Ask HN: How to deal with someone ripping off your design? - hirokitakeuchi
We recently noticed that two websites have recently ripped off the design, code and copy of our site, gocardless.com.<p>How did we notice? We started getting Sentry errors as they had even gone so far as to rip our JS files!<p>Before we get in touch with them, we wondered if anyone had any tips on getting these guys to stop.<p>Sites in question:<p>http://secure-broker-online.eu/ 
http://resinternationalgroup.com/
======
timdorr
It's actually quite easy: Find their host and, if they're in the US, issue a
DMCA notification:

    
    
       $ dig resinternationalgroup.com
    
       ;; ANSWER SECTION:
       resinternationalgroup.com. 18788 IN	A 66.206.15.100
    
       $ dig -x 66.206.15.100
    
       ;; ANSWER SECTION:
       100.15.206.66.in-addr.arpa. 3600 IN PTR cpanel.siteplot.com.
    

Send the email over to support@siteplot.com.

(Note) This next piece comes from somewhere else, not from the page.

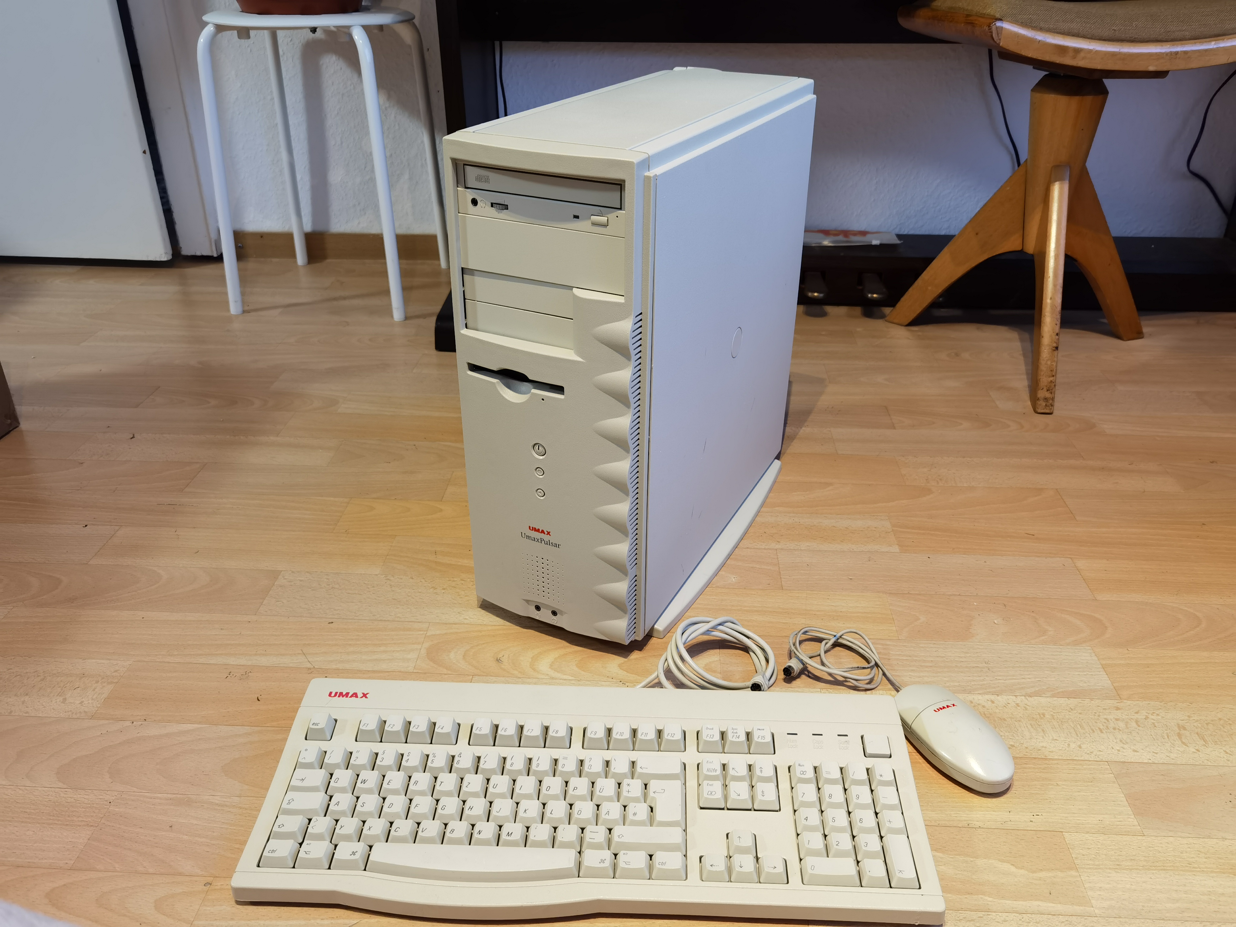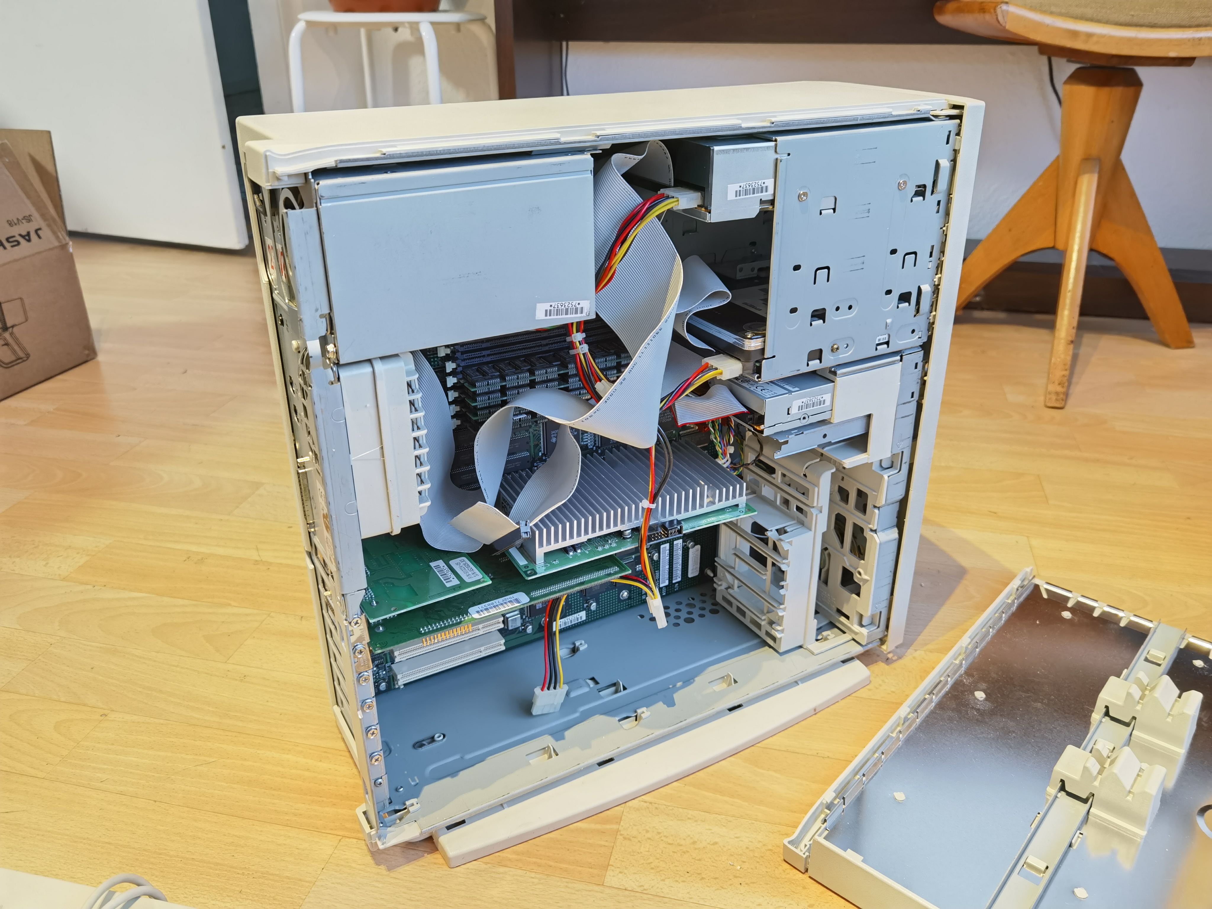 Habe den Gleichen, allerdings mit der Laufwerkstür. Aufgrüstet mit einer G4 / 450 MHz Karte und SATA Laufwerken. Ja das geht, entweder mittels FW Karte mit internem Anschluß oder mit einer dedizierten SATA Karte mit geflaschtem BIOS und einer ATI Radeon 7000. Ich verwende den regelmäßig, da auf meinem ein gutes e-CAD/ESD Programm drauf ist. Auch habe ich die "Düsenjet"-Lüfter getauscht.

If that doesn't work, go up to
their datacenter:

    
    
       $ whois 66.206.15.100
    
       ...
       OrgAbuseHandle: NETWO5887-ARIN
       OrgAbuseName:   Network Admin
       OrgAbusePhone:  +1-509-209-8000
       OrgAbuseEmail:  network@cyber-world.com
       OrgAbuseRef:    http://whois.arin.net/rest/poc/NETWO5887-ARIN
       ...
    

Email it over to network@cyber-world.com or support@cyber-world.com.

Here's a good template from Scribd:
[http://support.scribd.com/entries/22980-DMCA-copyright-
infri...](http://support.scribd.com/entries/22980-DMCA-copyright-infringement-
takedown-notification-template)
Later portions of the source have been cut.